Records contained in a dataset
################
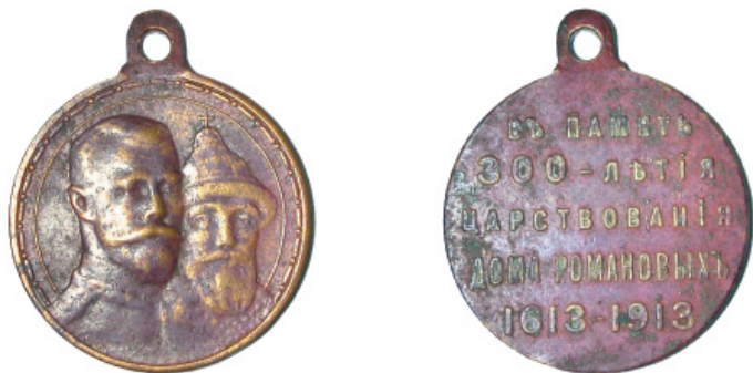
Юбилейная медаль «300-летие правления дома Романовых». 1913 г.
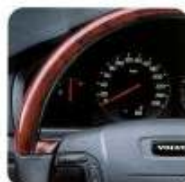
Volante em couro, Grafite com aplicações tipo madeira Claret
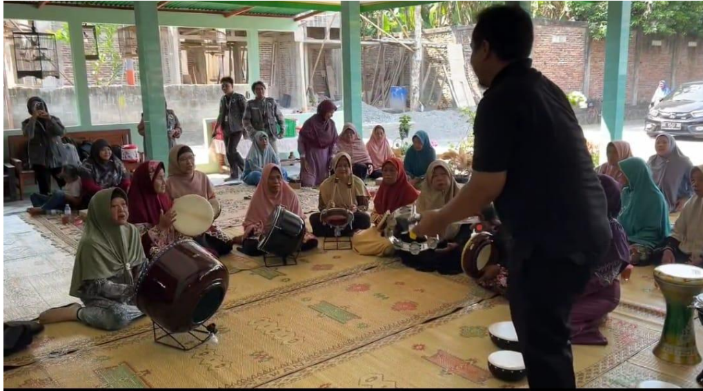
Gambar 4. Kegiatan peningkatan kapasitas manajerial dan sosial lansia di Argorejo

meningkatkan pengalaman emosional positif serta meningkatkan relasi sosial. Program Sekolah Lansia Integrasi juga menunjukkan bahwa pemberian ruang dialog, edukasi kesehatan, dan aktivitas kelompok dapat meningkatkan motivasi dan rasa bermakna di usia senja (Hartanto, Sudarsono and Puspitasari, et al. 2024).
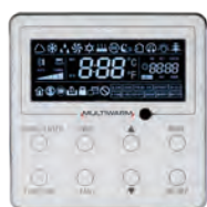
M-V-CW-HB2-G Opzionale per tutte le tipologie di unità interne

Pannello semplificato particolarmente indicato per applicazioni alberghiere. Display LCD monocromatico retroilluminato, pulsanti meccanici. Design moderno, linee squadrate, con pannello frontale lucido effetto vetro. Comando remoto molto semplice e intuitivo per l'utente e con funzioni semplificate. Possibile collegamento con sistemi automatici di gestione degli accessi.
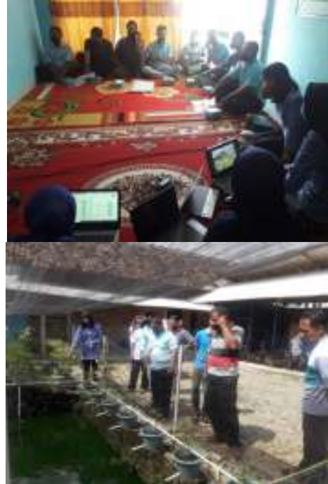
Gambar 4. Sosialisasi diseminator kepada kelompok mitra “Mandiri Sentosa” dan Persiapan Perlengkapan

pertemuan kelompok pembudidaya yang terlibat dalam kegiatan ini. Kelompok pembudidaya tersebut merupakan kelompok yang menjadi mitra (Gambar 4).
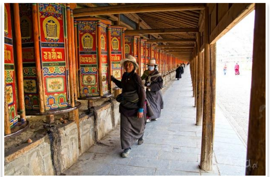
Młynki modlitwne w Klasztorze Labrang, Xiahe
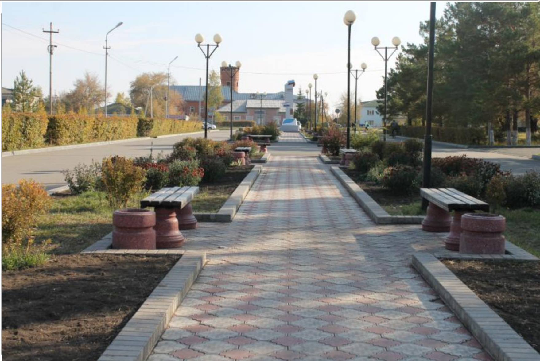
Площадь имени Гуртьева
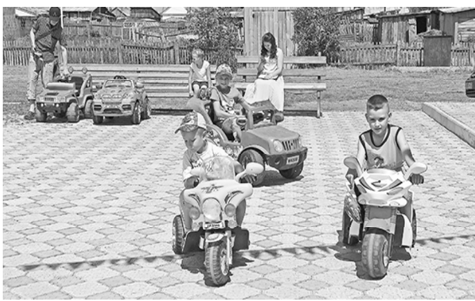
* На электромобилях
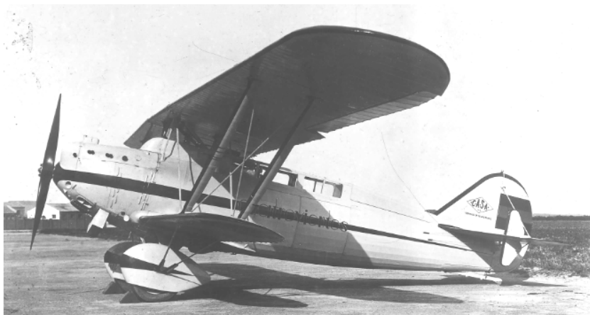
El avión Breguet XIX GR Superbidón «Cuatro Vientos»

cuatro meses y medio trabajando en dos turnos, de día y de noche. Recibió su nombre en honor al aeropuerto militar de Madrid y de la Escuela de Aviación, de la que era director Barberán, de esa denominación y su coste fue de 80.000 pesetas.
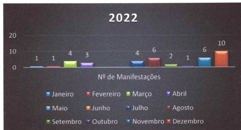
Gráfico 01 – Número de manifestações registradas no período

No ano de 2022 a Ouvidoria do Centro Universitário Fluminense recebeu 38 (trinta e oito) manifestações. O gráfico a seguir demonstra o volume de manifestações recebidas mês a mês.
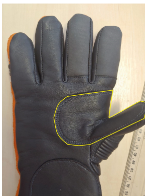
Fig. 7 - Reforço da Palmar e do polegar

As regiões da palma, até a área de prolongação do dedo médio, e do polegar deverão possuir outra camada de reforço do mesmo tipo de couro, ou em para-aramida, para aumentar a resistência e a durabilidade( Fig. 7).
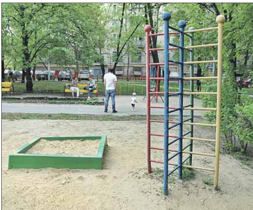
Имеющиеся во дворе игровые формы морально устарели

Как сообщили в управе района, дворовая территория по адресу: ул. Бутырская, 2, 4, 6, включена в программу благоустройства дворовых территорий на 2013 год. В ходе реализации
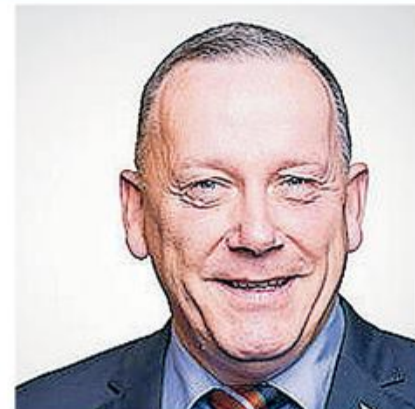
og Kay ønsker en god jul.
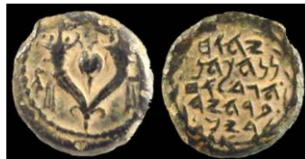
מטבע הורקנוס עם האות אלפא ביוונית מעל הכתובת בעברית

לאחר מות אנטיוכוס השביעי בשנת 129 לפסה"נ, השמיט יוחנן את האות אלפא מעל הכתובת בעברית במטבעותיו. נוסח הכתובת העברית "יהוחנן כהן גדול וחבר היהודים" נותרה. מצב זה מעיד על עצמאות מוחלטת. על פי יוסף בן מתתיהו ב"קדמוניות היהודים", כיבושיו של הורקנוס להרחבת ממלכתו החלו מיד עם מותו של אנטיוכוס. בהתחשב במעמדו של הורקנוס ואי תלותו בשליט הסלבקי דמטריוס השני, ניתן לייחס את המטבעות הנזכרים עם האות אלפא לשנת 130 לפסה"נ לערך ואת המטבעות ללא האות אלפא לשנת 129 לפסה"נ, עת יצא לפי יוספוס מיד למסע כיבושים בארץ ישראל או לשנה שלאחריה, דהיינו לשנת 128 לפסה"נ.
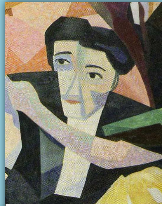
Джино Северини. Автопортрет
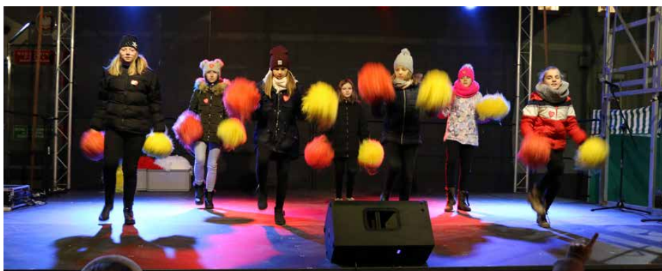
Na scenie zaprezentowali się młodzi mieszkańcy gminy Psary

Tegoroczny gminny finał rozpoczął się o godz. 17:00 na placu przed Urzędem Gminy w Psarach. Jak co roku, koncert był znakomitą okazją, aby na scenie przed licznie zgromadzoną publicznością, zaprezentowali się młodzi i utalentowani mieszkańcy gminy Psary. Występy uczniów ze szkół i zespołów
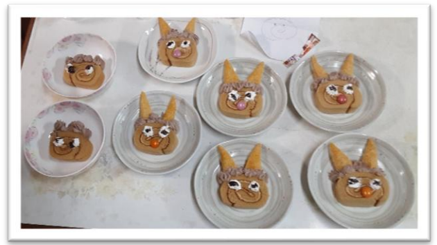
「松島」の鬼です。とても食べられそうにありません。どの鬼が優しそう、強そうかな。でも美味しそう！
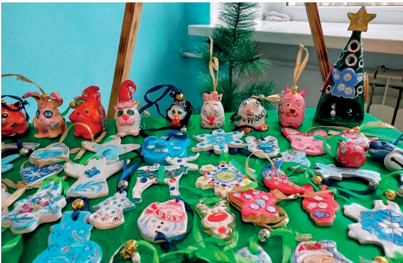
Новогодние игрушки, сделанные детьми

приходят, пробуют себя в творчестве. Кружок проводится 2 раза в неделю. Сформированы 2 группы: первая группа – 1-3 классы и вторая группа – частично из 3-го класса и 4 класс. Детей пришлось «перемешать», несмотря на возраст, а группы сформировать исходя из возможностей и развития каждого ребенка. Кружок был открыт по просьбе родителей, учителей и по своему желанию, так как в школе учатся трое моих детей и двое из них в начальных классах посещают кружок.
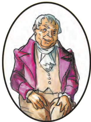
Граф Илья Ростов
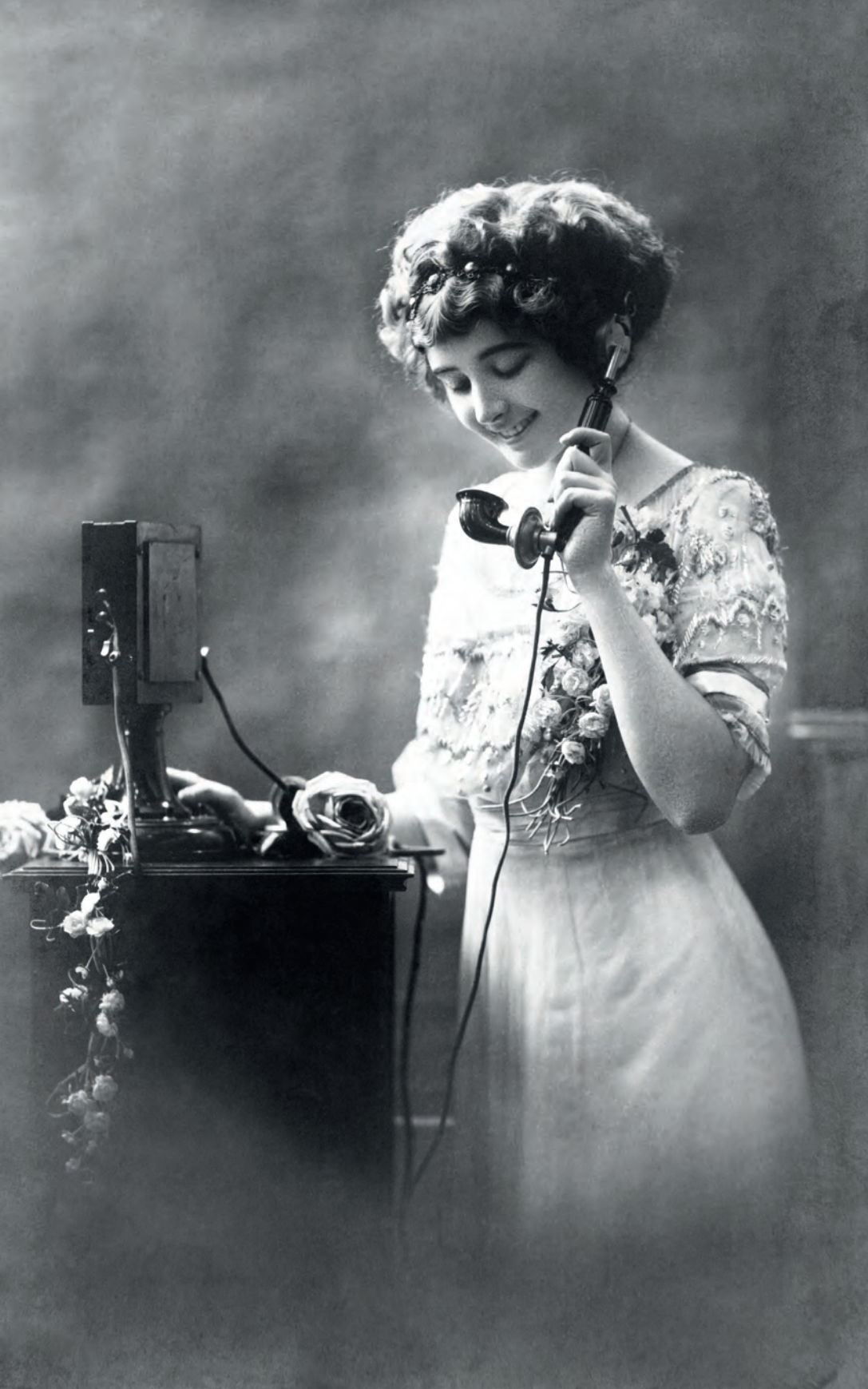
| Mujer hablando por teléfono París, Francia. 1912
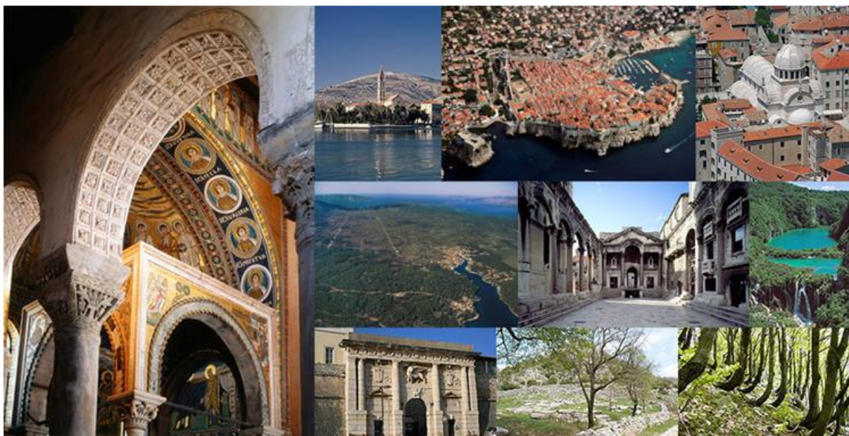
Slika 1. Nepokretna kulturna dobra upisana na UNESCO-ov Popis svjetske baštine
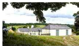
Chez le Prince Charles en Cornouailles
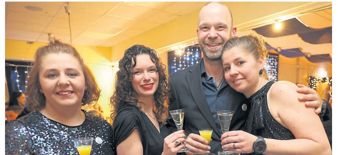
Ein Prosit auf das neue Jahr 2025: Das Empfangskomitee kredenzte allen Gästen ein Glas Sekt.
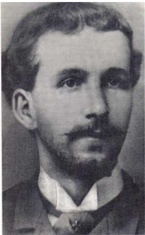
José Asunción Silva (1865-1896)
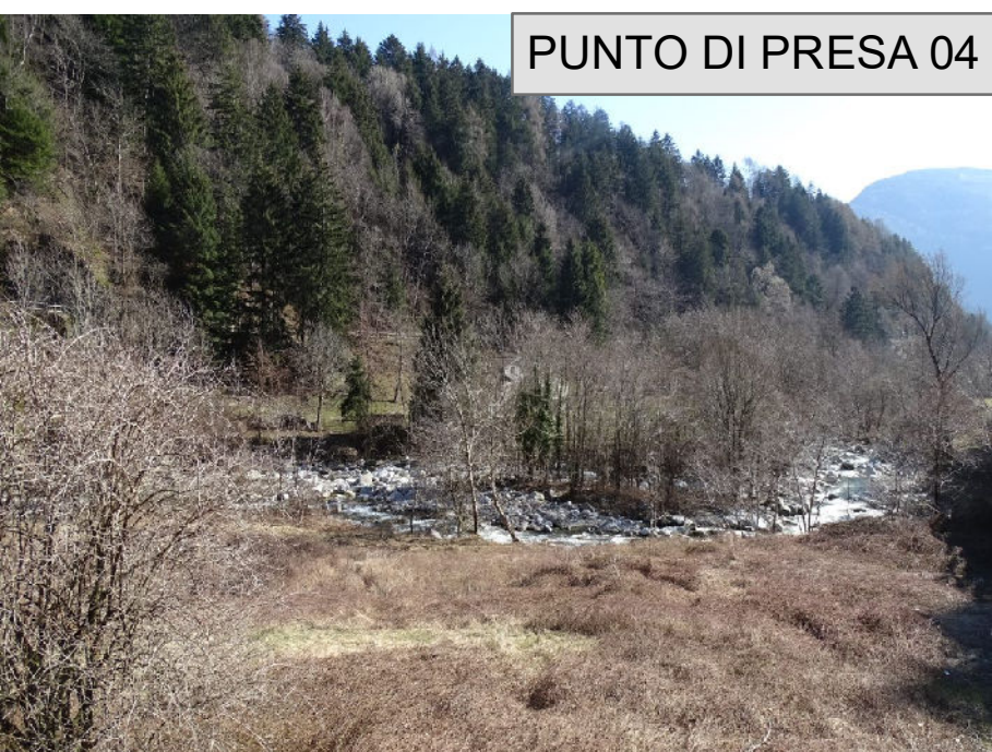
PUNTO DI PRESA 04
################
AIM OF THE TASK
Set down word for word the lines above from the one with "cuatro meses y" up to and including the one with "Как сообщили в". Omit every picture.

YOUR RESPONSE
cuatro meses y medio trabajando en dos turnos, de día y de noche. Recibió su nombre en honor al aeropuerto militar de Madrid y de la Escuela de Aviación, de la que era director Barberán, de esa denominación y su coste fue de 80.000 pesetas.
Gráfico 01 – Número de manifestações registradas no período

No ano de 2022 a Ouvidoria do Centro Universitário Fluminense recebeu 38 (trinta e oito) manifestações. O gráfico a seguir demonstra o volume de manifestações recebidas mês a mês.
Fig. 7 - Reforço da Palmar e do polegar

As regiões da palma, até a área de prolongação do dedo médio, e do polegar deverão possuir outra camada de reforço do mesmo tipo de couro, ou em para-aramida, para aumentar a resistência e a durabilidade( Fig. 7).
Имеющиеся во дворе игровые формы морально устарели

Как сообщили в управе района, дворовая территория по адресу: ул. Бутырская, 2, 4, 6, включена в программу благоустройства дворовых территорий на 2013 год. В ходе реализации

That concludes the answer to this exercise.